--- START ---
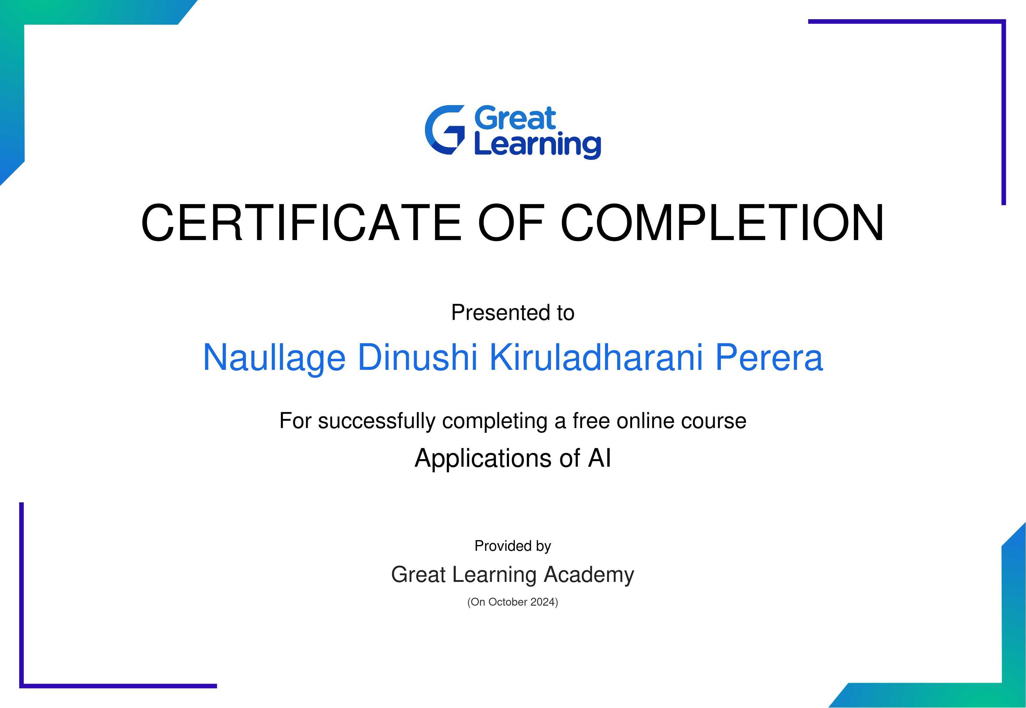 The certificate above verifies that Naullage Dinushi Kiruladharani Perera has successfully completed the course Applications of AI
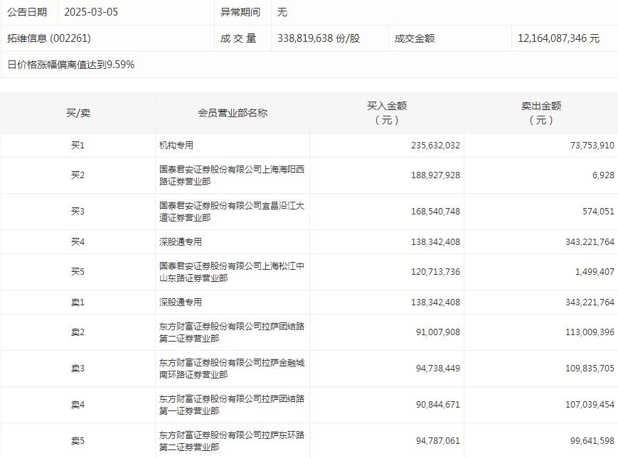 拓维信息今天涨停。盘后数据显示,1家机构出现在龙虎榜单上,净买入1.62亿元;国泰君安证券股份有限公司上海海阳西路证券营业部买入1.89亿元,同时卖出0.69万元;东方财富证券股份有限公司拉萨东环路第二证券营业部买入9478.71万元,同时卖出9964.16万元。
--- END ---
--- START ---
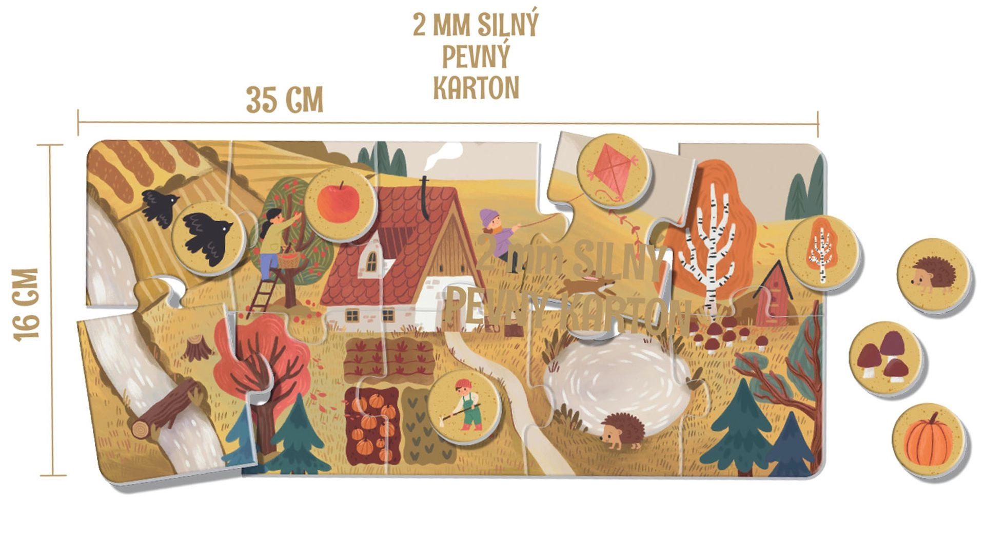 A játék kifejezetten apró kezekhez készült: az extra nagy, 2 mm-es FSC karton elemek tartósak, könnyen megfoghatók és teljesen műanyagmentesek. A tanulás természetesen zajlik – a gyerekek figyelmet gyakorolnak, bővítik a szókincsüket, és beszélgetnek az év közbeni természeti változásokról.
--- END ---
--- START ---
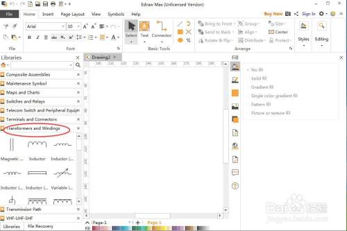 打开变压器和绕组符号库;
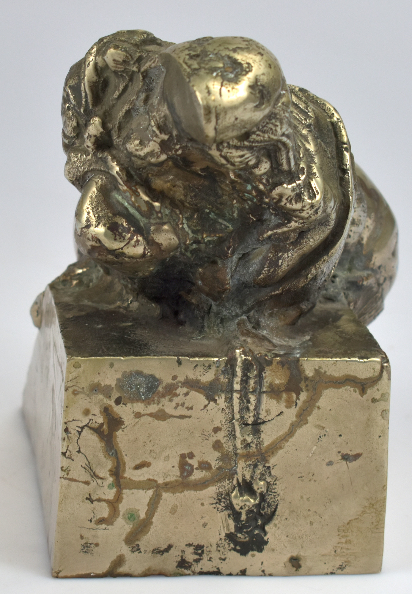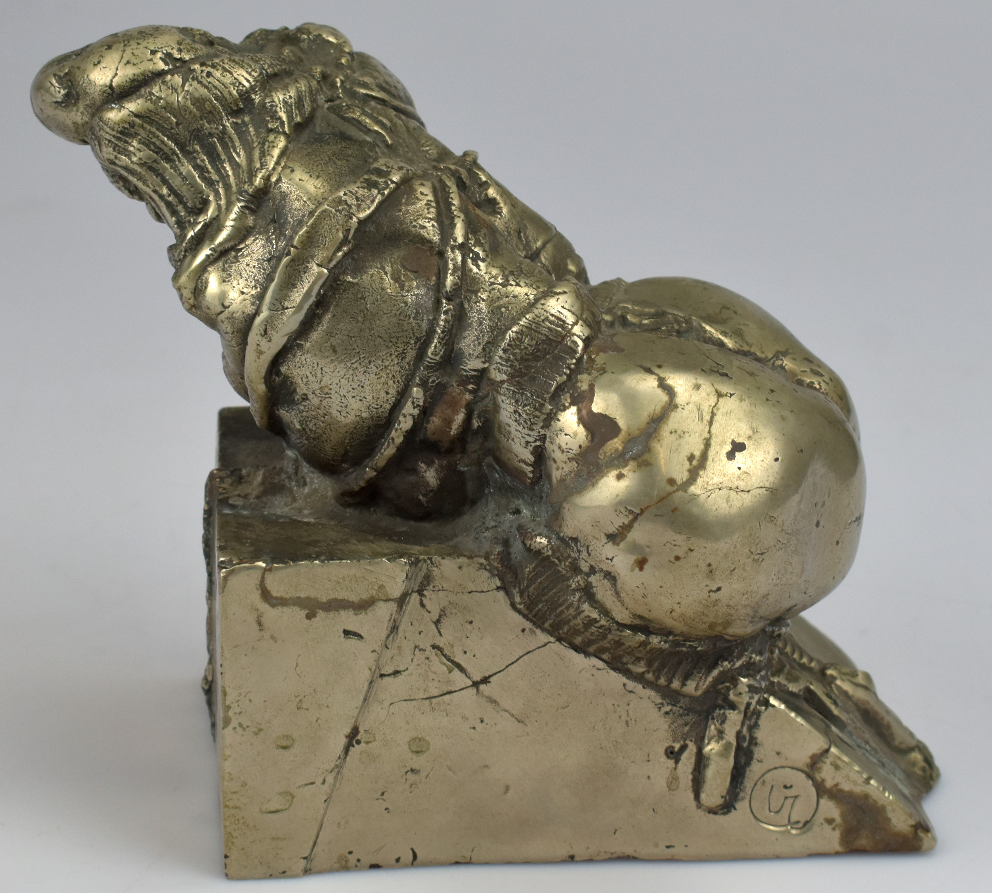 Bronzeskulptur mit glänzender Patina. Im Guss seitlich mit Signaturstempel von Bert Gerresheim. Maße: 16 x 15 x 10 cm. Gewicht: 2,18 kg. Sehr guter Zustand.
--- END ---
_Task statement_. Using the entries above, reproduce word for word only the lines from the one that contains "The certificate above" to the one that contains "拓维信息今天涨停。盘后数据显", both ends included, and drop every picture.

_Output of the exercise_.
 The certificate above verifies that Naullage Dinushi Kiruladharani Perera has successfully completed the course Applications of AI
 拓维信息今天涨停。盘后数据显示,1家机构出现在龙虎榜单上,净买入1.62亿元;国泰君安证券股份有限公司上海海阳西路证券营业部买入1.89亿元,同时卖出0.69万元;东方财富证券股份有限公司拉萨东环路第二证券营业部买入9478.71万元,同时卖出9964.16万元。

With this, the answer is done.